タイプ | 製造方法 | 熱性能 | コストプロファイル | チャネルの複雑性 | 圧力処理/落下制御 |
CNC加工 | チャンネルは、金属の塊から直接精密に削り出されています。 | 非常に高い | 高い | 非常に高い | 素晴らしい |
真空ろう付け | 真空炉内でろう付け合金を用いて接合された多層CNC加工板。 | 素晴らしい | 中高高 | 高い | 良い |
摩擦攪拌接合(FSW) | 摩擦による固相溶接。母材の溶融は発生しない。 | 素晴らしい | 中高高 | 高い | 良好(優れた破裂強度) |
押し出し成形 | アルミニウムを金型に通して、内部に通路を持つ長尺の形状を作り出す。 | 中程度から良好 | 低い | 低~中程度 | 適度 |
刻印 | 薄い板材を型抜きして成形し、接着剤やろう付けで接合する。 | 適度 | 低い | 低い | 限定 |
チューブ式(圧入式) | 連続した金属管を、CNC加工された溝に熱硬化性エポキシ樹脂で圧入する。 | 良い | 低~中 | フローパスの柔軟性 | 高圧(チューブ内に圧力がかかっている) |
ガンドリル | 厚みのある頑丈な金属ブロックを貫通して、深くまっすぐな穴が開けられている。 | 良い | 高い | 低速(直線のみ) | 過激 |
カスタム液体冷却プレートのCNC加工に関する完全ガイド
CNC加工によるカスタム液体冷却プレートの製造方法を完全に理解するために、製造工程を主要なセクションに分けて説明します。
モデリングと材料選定
カスタム液体冷却プレートを開発するエンジニアにとって、要件に基づいた設計は最初のステップです。これは、最終製品、その分解図、および開発図面を3Dモデリングすることを意味します。次に、モデルをCNCマシンプログラムに変換し、適切な材料を選択します。一般的には、アルミニウム(6061/6063)、銅(C110)、ステンレス鋼、またはチタンが使用されます。
CNCフライス盤の使用
特注の液体冷却プレートを製造する機械は、通常3軸から5軸のCNCフライス盤です。これらの機械は、ブロックを傾けたり回転させたりすることで、±0.1mmという極めて高い精度で複雑な形状を削り出すことができます。
精密検査と密封
CNC加工機は、ベースプレートから材料を除去して浴槽とフィンを形成します。加工精度を確保し、後で剥がれて密閉型浴槽を詰まらせる可能性のある微細なバリが残らないようにすることが非常に重要です。その後、前述の高度な技術を用いて、上部カバーをベースに密閉します。
テスト
最後に、製造工程が完了した後、特注の液体冷却プレートは高圧試験にかけられます。ブロックに水を満たす代わりに、ヘリウムガスを使用して密閉された冷却プレートを加圧します。ヘリウムが保持されれば、水が浸透するような微細な亀裂は存在しないことになります。

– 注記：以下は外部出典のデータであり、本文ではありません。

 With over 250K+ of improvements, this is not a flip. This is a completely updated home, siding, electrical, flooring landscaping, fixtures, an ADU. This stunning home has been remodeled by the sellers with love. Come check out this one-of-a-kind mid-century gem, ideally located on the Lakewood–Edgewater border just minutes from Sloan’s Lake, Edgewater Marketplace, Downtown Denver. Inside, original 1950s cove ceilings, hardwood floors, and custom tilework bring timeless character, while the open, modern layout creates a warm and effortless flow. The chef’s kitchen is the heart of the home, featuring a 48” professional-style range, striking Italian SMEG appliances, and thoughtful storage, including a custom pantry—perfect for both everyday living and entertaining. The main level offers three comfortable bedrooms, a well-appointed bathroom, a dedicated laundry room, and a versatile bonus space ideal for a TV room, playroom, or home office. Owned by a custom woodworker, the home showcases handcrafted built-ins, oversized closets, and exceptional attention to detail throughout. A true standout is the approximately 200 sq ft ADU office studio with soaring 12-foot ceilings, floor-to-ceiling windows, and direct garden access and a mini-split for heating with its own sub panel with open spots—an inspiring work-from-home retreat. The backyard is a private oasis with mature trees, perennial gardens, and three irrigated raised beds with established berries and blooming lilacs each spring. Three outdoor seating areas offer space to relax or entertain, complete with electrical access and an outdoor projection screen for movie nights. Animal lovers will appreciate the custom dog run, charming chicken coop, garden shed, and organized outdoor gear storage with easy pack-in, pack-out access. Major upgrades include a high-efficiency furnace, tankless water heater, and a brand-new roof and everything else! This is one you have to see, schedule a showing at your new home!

独自の洞察:最新のモデリングソフトウェアは、暗黙的手法を用いてTPMS(三重周期最小曲面)と呼ばれる複雑な構造を生成します。これらは直線的なフィン設計とは異なり、スポンジのような複雑な金属形状を実現します。
最適な液体冷却プレートの選び方:4つのステップ
ステップ1:要件を定義する
まず、液体冷却板の設計を選択するために、熱源で発生する熱量を定義します。最大許容温度、入口流体温度、流量、圧力損失制限、およびサイズや取り付け方法などの機械的制約を定義します。
ステップ2:材料の選択
前述の通り、設計者は次に材料を選択する必要があります。材料の選択によってメタ伝導率が変化するため、重量とコストのバランスを考慮するとアルミニウム(約167~235 W/mK)が適しています。最大の熱流束を求めるなら銅(約385~400 W/mK)、耐腐食性を求めるならステンレス鋼を検討してください。

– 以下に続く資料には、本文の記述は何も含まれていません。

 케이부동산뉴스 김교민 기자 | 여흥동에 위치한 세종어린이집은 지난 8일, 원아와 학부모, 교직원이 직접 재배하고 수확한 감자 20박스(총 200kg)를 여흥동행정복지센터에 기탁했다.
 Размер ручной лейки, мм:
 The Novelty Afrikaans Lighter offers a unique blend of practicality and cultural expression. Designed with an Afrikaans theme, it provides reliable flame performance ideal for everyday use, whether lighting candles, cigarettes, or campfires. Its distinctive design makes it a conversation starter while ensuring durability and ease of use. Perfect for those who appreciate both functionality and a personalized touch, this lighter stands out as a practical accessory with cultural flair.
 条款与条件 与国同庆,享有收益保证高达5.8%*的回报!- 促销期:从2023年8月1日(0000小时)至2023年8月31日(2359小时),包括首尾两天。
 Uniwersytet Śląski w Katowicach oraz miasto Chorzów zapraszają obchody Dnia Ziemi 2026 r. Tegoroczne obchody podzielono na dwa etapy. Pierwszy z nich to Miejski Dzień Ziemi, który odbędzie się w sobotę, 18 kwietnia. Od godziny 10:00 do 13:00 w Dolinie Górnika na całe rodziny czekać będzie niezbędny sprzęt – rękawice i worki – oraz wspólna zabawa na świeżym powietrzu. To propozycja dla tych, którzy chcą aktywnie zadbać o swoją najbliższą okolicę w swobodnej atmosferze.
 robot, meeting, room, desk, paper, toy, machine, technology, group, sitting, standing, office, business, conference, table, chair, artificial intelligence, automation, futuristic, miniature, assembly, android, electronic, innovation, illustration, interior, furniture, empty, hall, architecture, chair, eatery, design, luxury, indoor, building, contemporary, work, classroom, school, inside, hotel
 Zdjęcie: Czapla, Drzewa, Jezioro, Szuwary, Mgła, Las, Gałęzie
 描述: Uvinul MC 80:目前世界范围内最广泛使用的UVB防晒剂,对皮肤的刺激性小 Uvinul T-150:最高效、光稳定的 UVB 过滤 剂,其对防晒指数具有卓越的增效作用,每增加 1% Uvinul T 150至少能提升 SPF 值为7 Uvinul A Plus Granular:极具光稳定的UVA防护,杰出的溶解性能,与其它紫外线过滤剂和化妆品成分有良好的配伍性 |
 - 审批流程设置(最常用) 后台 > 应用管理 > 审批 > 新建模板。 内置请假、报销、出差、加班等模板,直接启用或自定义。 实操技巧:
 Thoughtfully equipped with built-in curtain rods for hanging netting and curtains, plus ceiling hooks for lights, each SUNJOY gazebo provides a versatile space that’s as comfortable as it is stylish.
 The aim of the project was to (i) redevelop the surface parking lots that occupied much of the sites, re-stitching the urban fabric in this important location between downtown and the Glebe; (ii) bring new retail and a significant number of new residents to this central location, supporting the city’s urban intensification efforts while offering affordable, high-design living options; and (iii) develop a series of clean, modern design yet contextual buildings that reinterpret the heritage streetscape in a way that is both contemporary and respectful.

ステップ3:CFDシミュレーションによる設計の最適化
流路レイアウト、フィン形状、流量バランスを精密にテストする。テスト結果に基づいて設計を繰り返し改善し、均一な温度分布と最小限の圧力損失を実現する。
ステップ4:性能と製造性およびコストのバランスを取る
設計に十分な自信を持つためには、少量生産の場合はCNC加工による試作品を作成するのが良いでしょう。その後、大量生産の場合はダイカストまたは押出成形に移行します。試作品の液体冷却プレートに全熱負荷をかけて熱試験を実施してください。
電子機器および産業用冷却におけるカスタム液体冷却プレートの主な用途
1. データセンターとAI:チップ直結冷却により100kW以上のラックを管理し、サーバー密度を最大化し、PUEを低減します。
2. 電気自動車(EV): FSWプレートは、急速充電中にバッテリーを均一に冷却し、熱暴走を防ぎます。
3. パワーエレクトロニクス:カスタムプレートは、過酷な産業環境や鉄道環境において、高電圧部品(IGBT、SiC)を安定させます。
4. 医療・レーザー:極めて高い温度精度(±0.5℃)を実現し、イメージングコイルや光学系の精度を維持します。
5. 航空宇宙および再生可能エネルギー:軽量かつ高圧設計により、極度の振動や微小重力に耐えることができます。
カスタムコールドプレートメーカーと提携すべき理由とは?
既製品と比較して、完全にオーダーメイドのコールドプレートを所有することは、プレミアムな選択肢です。コールドプレートのメーカーは、形状、材料、流路を変更することで、熱伝達効率を高めるために抵抗を最小限に抑え、表面積を最大化することができます。ほとんどのメーカーは、CFDシミュレーションから始まり、迅速なCNCプロトタイピング、高度なシーリング(FSW/ろう付け)、100%の漏れ/熱検証まで、エンドツーエンドのサポートを提供しています。

結論
ハイエンドメーカーは、最小発注数量(MOQ)に制限を設けることなく、試作品から大量生産まで生産規模を拡大できます。通常、専門的なカスタムコールドプレートメーカーは、IATF 16949などの規制準拠や、さまざまな産業用途に対応する材料適合性を提供します。
試作品1点から大量生産まで、最小注文数量や性能の妥協なしに、柔軟に対応可能です。資本損失のリスクを軽減し、次回のプロジェクトではカスタムコールドプレートメーカーと提携しましょう。
よくある質問
Q1:コールドプレートとヒートシンクの違いは何ですか?
ヒートシンクは、高速ファンを用いてフィン付きのベースプレートを空気で直接冷却します。一方、液体冷却プレートは液体を用いてベースプレートから熱を除去し、はるかに高い放熱能力を発揮します。一般的に、ヒートシンクの放熱量は10~50W/cm²程度ですが、液体冷却プレートは500~1,000W/cm²に達します。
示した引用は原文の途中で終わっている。